**TASK GOAL:** Only the lines below from the one containing "красный верх-зеленый низ" through the one containing "9 weeks old" belong in the answer, repeated exactly and without pictures.

**DATASET RECORDS:**
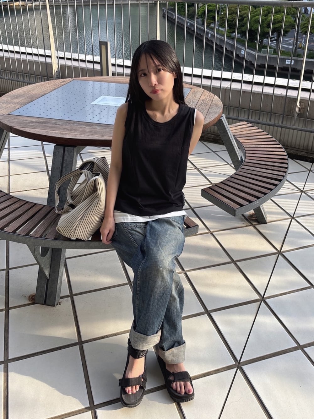 UNIQLO✖︎ANYAのタンクトップに 白のタンクトップを重ね着した🤍 レイヤードすることで、 こなれ感が出るからオススメ❣️
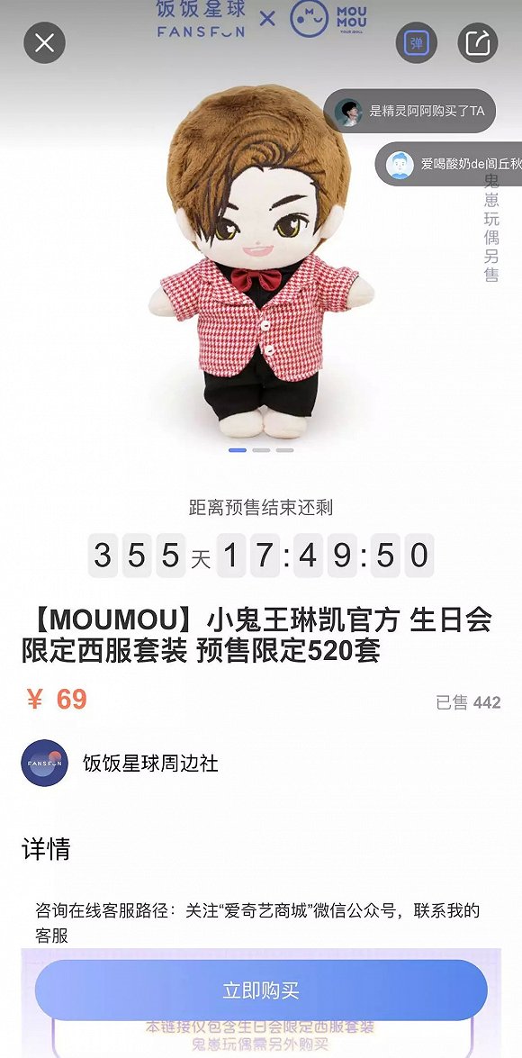 饭饭星球还与明星合作,发布定制玩偶。此前为小鬼定制的生日会限定西服套装玩偶,售价69元,目前已售出442份。此外上线了饭制合作馆,给粉丝站和设计师提供合作入口。
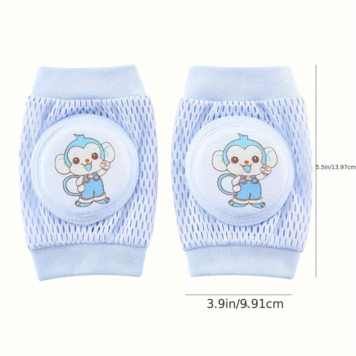 Baby Toddler Knee Protectors Set of 2 Cotton Crawling Knee Pads for 0+ and 3+ Blue Monkey Design
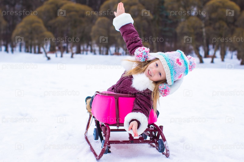 Очаровательная девочка на санках
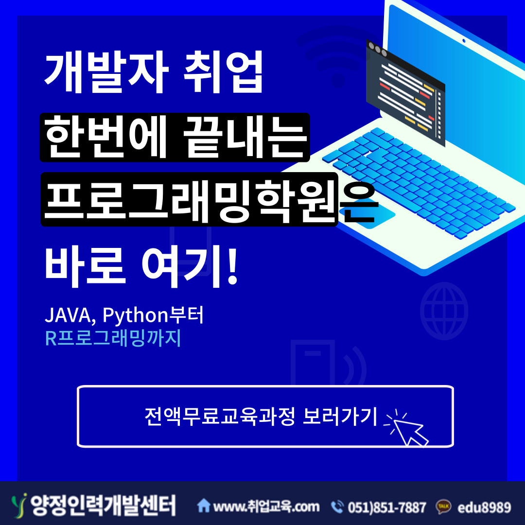 🖥️[개발자 취업교육반 모집 안내] 🔎교육명 : 빅데이터를 활용한 자바, 파이썬 개발자 📌교육일정 : 7월 12일\~12월 19일 ⌨️교육시간 : 월\~금 8교시(09:00\~17:30) ☑ 빅데이터 분석/통계에 관심있다면? ☑ 웹 개발 실무경험을 하고 싶다면? ☑ 맞춤형 기술 포트폴리오가 필요하다면? ☑ 개발자 취업 스펙 쌓고 싶다면? 📣모집대상 👌 국민내일배움카드 신청이 가능한 분 * 국비무료교육 참여 이력이 있어도 전액국비무료! 🧡 미취업 청년/졸업예정이신 분 * 부산&경남 거주 우대(부산에서 대면수업으로 진행!) ✏️ 해당 교육기간 동안 성실히 참여가능한 분 * 관련분야의 비전공자라도 참여 가능! 🎀 참여혜택 🌈실무 교육 전액 무료 👍교육수당 매월 최대 81만 6천원 지급 📚전 교재 무상제공 💻기업 실무 프로젝트 참여 💹개별 포트폴리오 제작 📜1대1 밀착 멘토링 📙1:1 전문가 취업컨설팅 🏆 높은 취업률 달성 🏅 취업률 우수직종선정 - 2019년 정보기술개발직종에 이어 2023년 문화콘텐츠제작직종 선정 수료생의 취업처 확인하러가기>> 🎖️수강생들의 높은 만족도** 수료생 취업성공인터뷰 보러가기>> 📌개발자 취업교육의 취업성공 커리큘럼!📌 ✔️빅데이터 처리분석 ✔️프로그래밍언어활용(JAVA, Python, jQuery, SQL등) ✔️프로그램관리/서버프로그램 구현 ✔️빅데이터기반 공공데이터 미니 프로젝트 ✔️빅데이터기반 웹서비스 플랫폼 개발 구현 프로젝트 등 💻개발자 취업교육 수료생의 포트폴리오 보러가기>> 🔊개발자 취업교육반에서 이런분들을 찾고 있어요!! 😀비전공자지만 IT취업을 준비하는 분 👍웹 개발 실무경험이 부족한 분 🧡취업용 포트폴리오가 필요한 분 💙개발자 취업 스펙을 쌓고 싶은 분 ❤️빅데이터 통계&분석을 활용하고 싶은 분 💚주요 프로그래밍 기술을 익히고 싶은 분 🏆양정인력개발센터의 강점!! 1) 초보자-비전공자도 충분히 따라갈 수 있는 수업 2) 개발자 취업에 필수인 프로젝트 연계 교육 3) 실무중심의 교육을 통한 빠른 현장 적응력 4) 1대1 취업지원서비스 제공(이력서 특강과 자소서 첨삭) [개발자 취업교육문의] 💬1:1 카톡 상담 링크 : https://open.kakao.com/o/sLeHXBQb ☎ 유선 상담 안내 051)851-7887 유선연락 또는 홈페이지 수강신청을 남겨주시면, 연락드리겠습니다. 유선 상담 예약하기(링크)
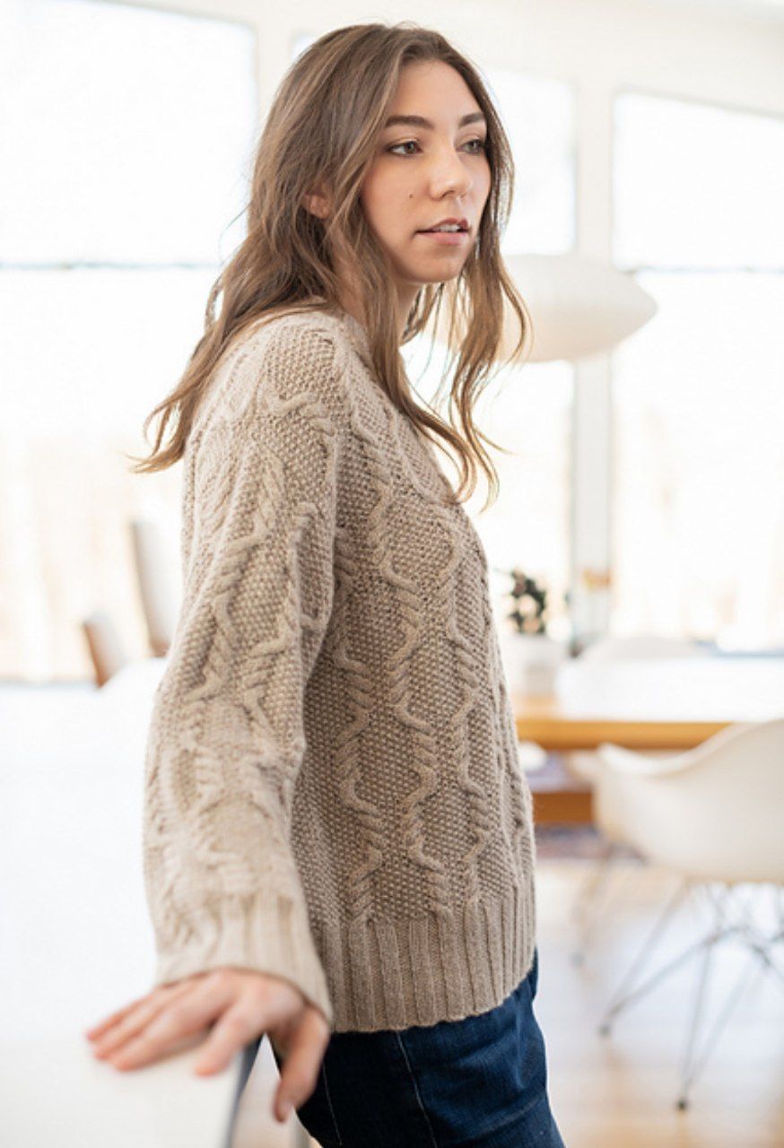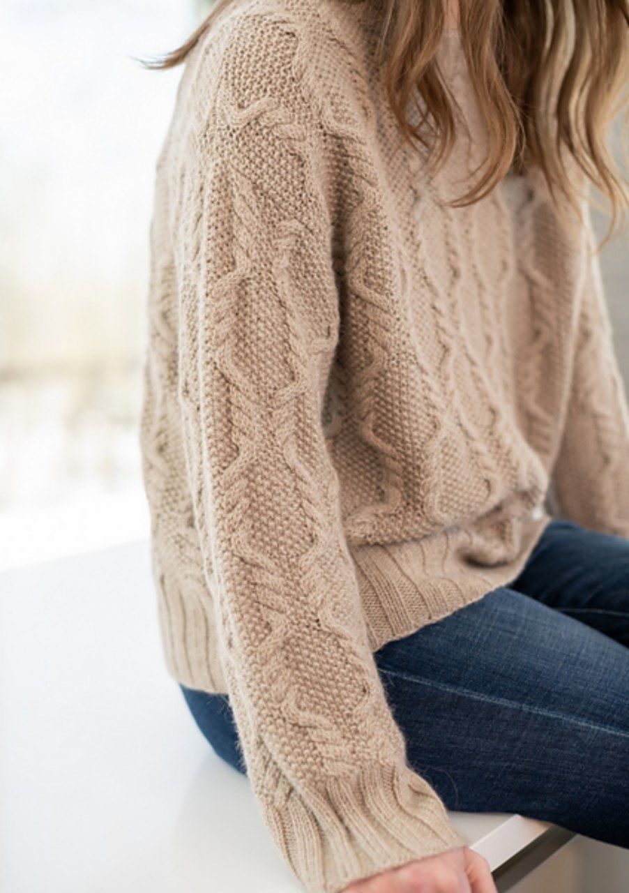 Стильный джемпер с косами. Окончательная окружность груди 115.5 (136, 156, 176.5, 197)см. Окончательная окружность бедер 110.5 (131, 151, 171.5, 192) см. ПРЯЖА:
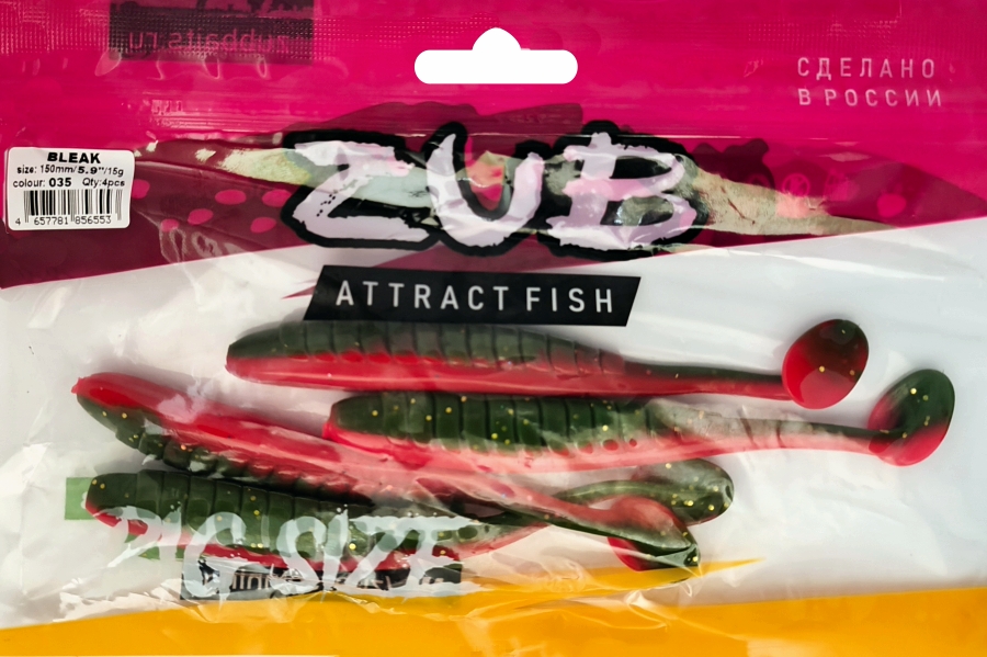 Приманка ZUB-BLEAK 150мм(5,9")-4шт, (цвет 035) красный верх-зеленый низ
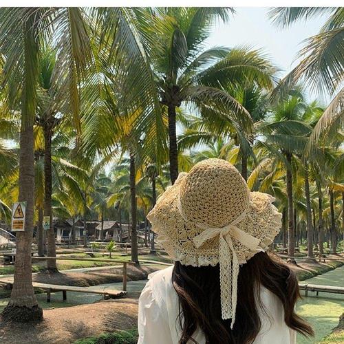 밀짚 썬캡 여성 모자 휴양지 두건 WFLYCOU
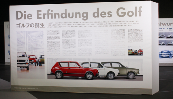 会場の一角にはパネル展示がありました。初代ゴルフの誕生についてのストーリーです。写真の3台は、白が生産型ゴルフで、赤いクルマはフォルクスワーゲンが当時試作したもの、淡い緑のクルマはポルシェ社で開発されて、市販化直前まで行ったモデルです。
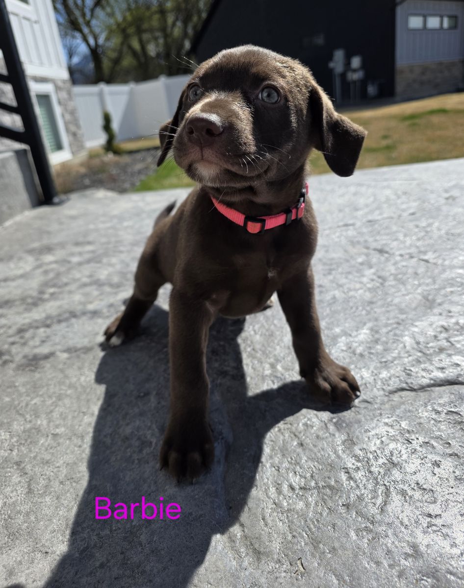 9 weeks old Silver/Chocolate Lab mix Social, sweet, and full of puppy energy
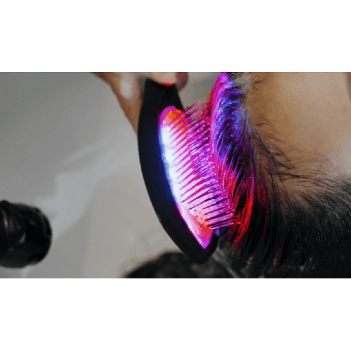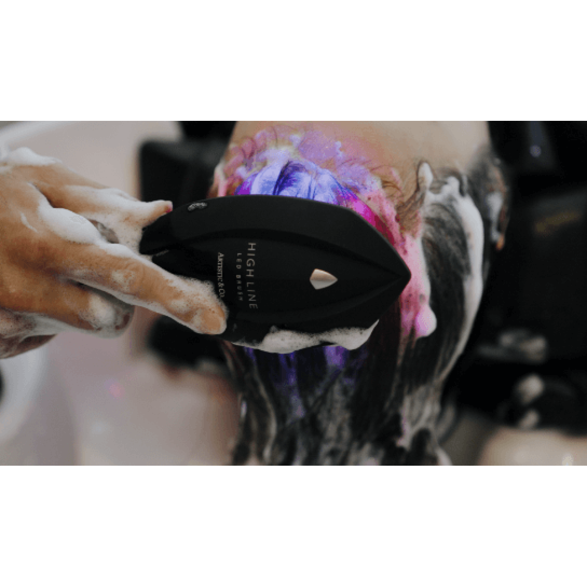 Водонепроникна інноваційна щітка для волосся, в якій поєднано світлодіодний вплив, а також спеціальну форму щетинок, що в результаті дозволяє забезпечити ретельне очищення шкіри голови, поліпшення стану довжини волосся та покращену роботу волосяних фолікулів.
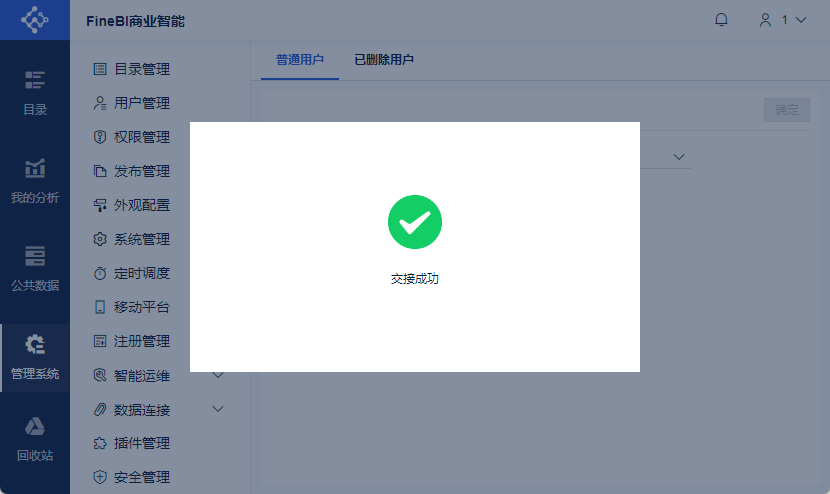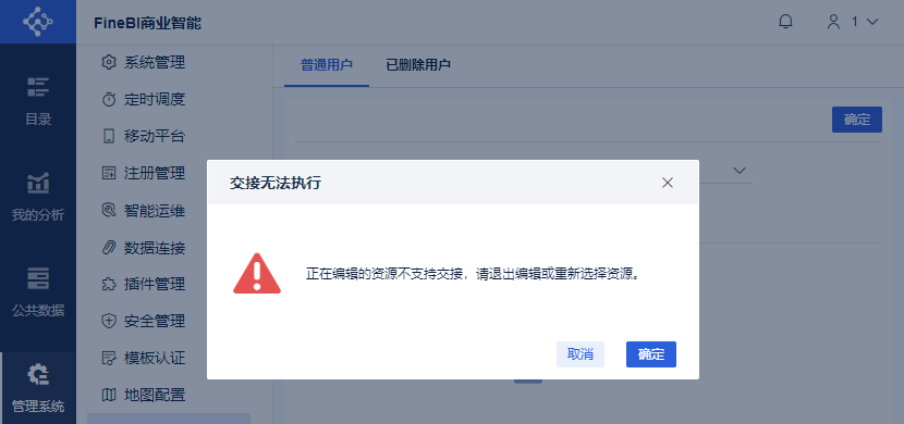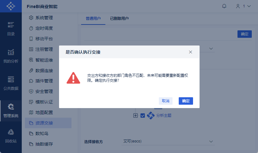 普通用户资源交接是指该用户没有从用户管理中删除时,管理员将该用户制作的部分或者全部仪表板和数据集交接给其他用户使用。
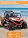 【2-Seater 24V Ride on Car】The 24v ride on utv car equipped with 24V10AH rechargeable battery and 2x200W powerful motors, which can provide more powerful & stable & low noise to ride on different terrains. Give your kids the best experience and up to hours of continuous playtime.
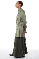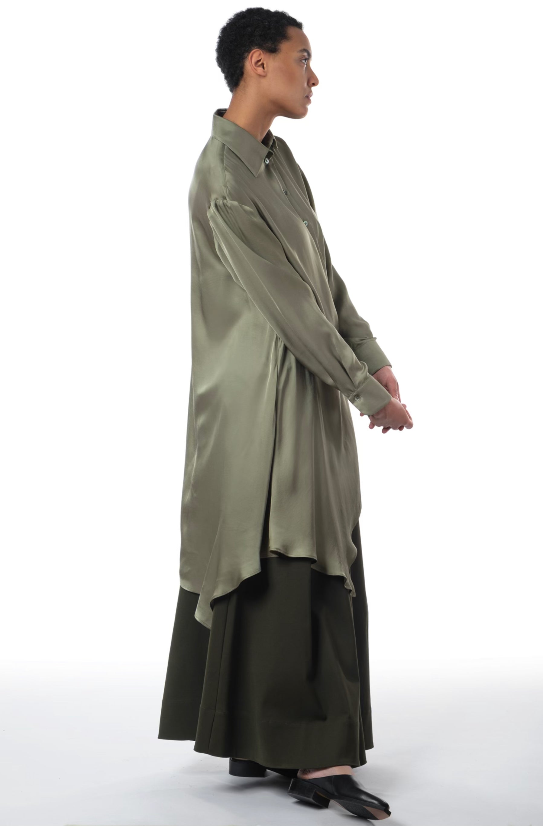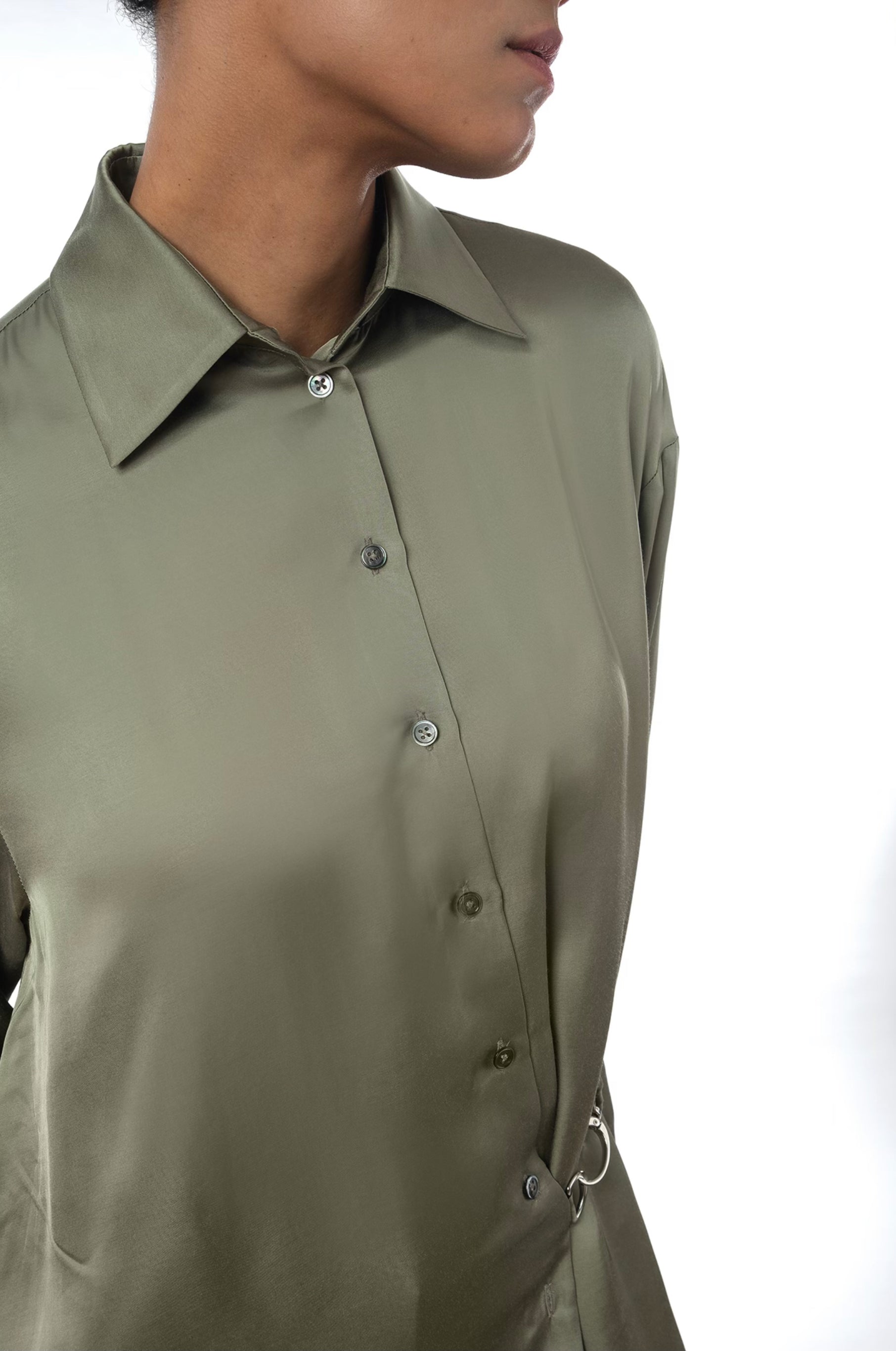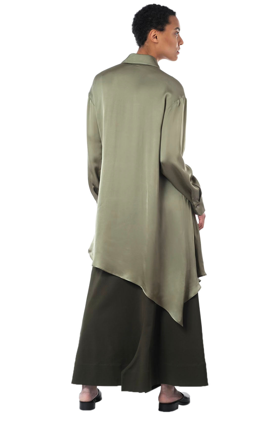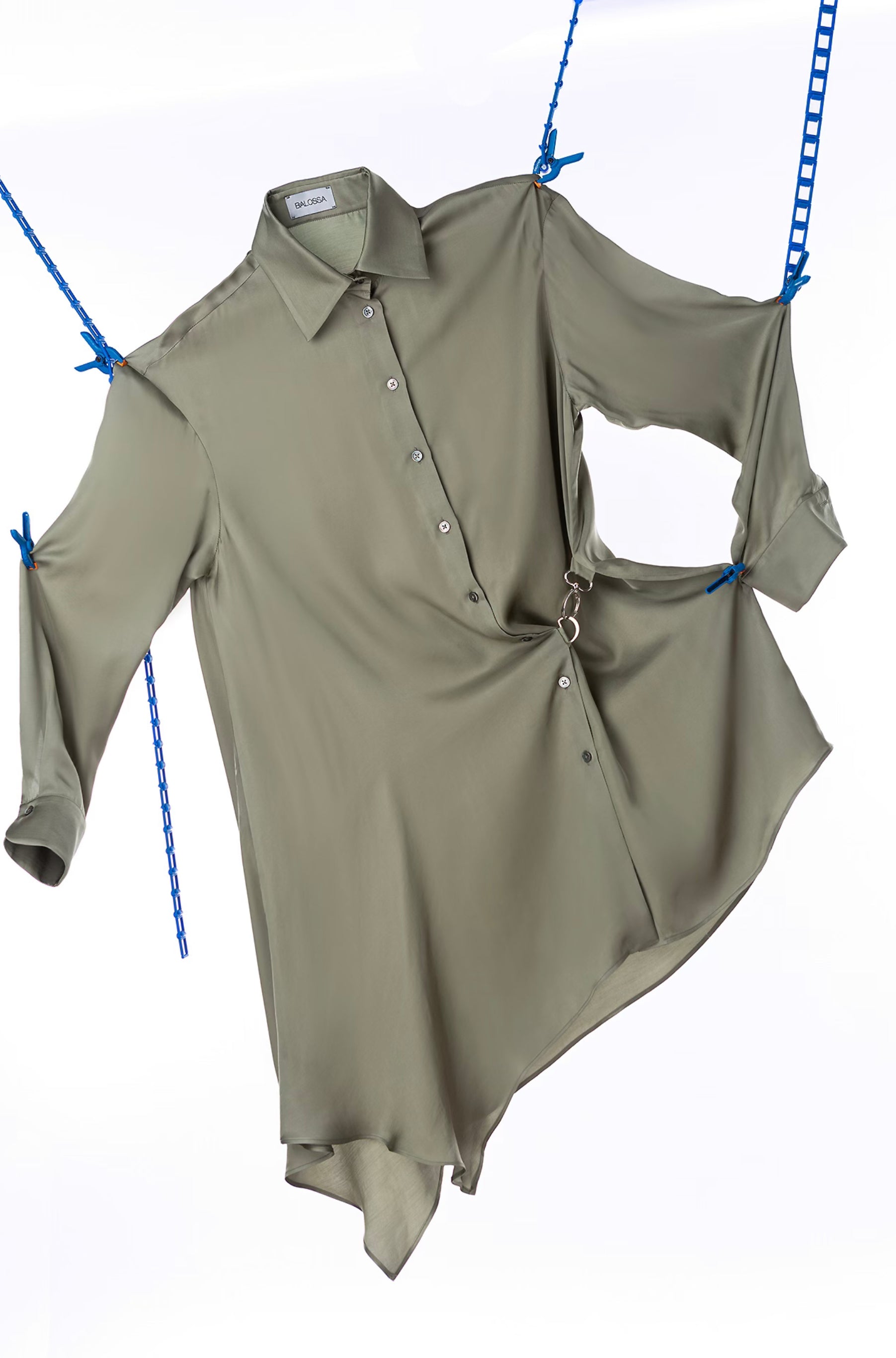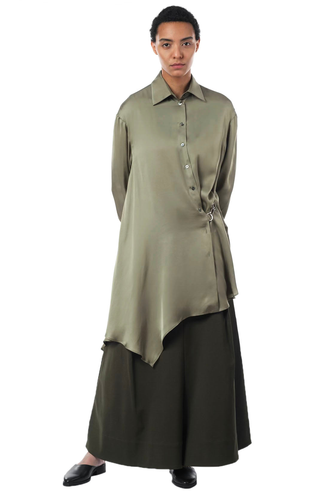 LONG SLEEVED VISCOSE SHIRT WITH A TOUCH OF SILK. THE LAST BUTTON BECOMES A METAL HOOK, CREATING AN ASYMMETRICAL EFFECT THAT FINISHES WITH AN ELEGANT POINT AT THE BACK. BLACK PEARL BUTTONS AND CLASSIC COLLAR.

**ANSWER BELOW:**
 Приманка ZUB-BLEAK 150мм(5,9")-4шт, (цвет 035) красный верх-зеленый низ
 밀짚 썬캡 여성 모자 휴양지 두건 WFLYCOU
 会場の一角にはパネル展示がありました。初代ゴルフの誕生についてのストーリーです。写真の3台は、白が生産型ゴルフで、赤いクルマはフォルクスワーゲンが当時試作したもの、淡い緑のクルマはポルシェ社で開発されて、市販化直前まで行ったモデルです。
 9 weeks old Silver/Chocolate Lab mix Social, sweet, and full of puppy energy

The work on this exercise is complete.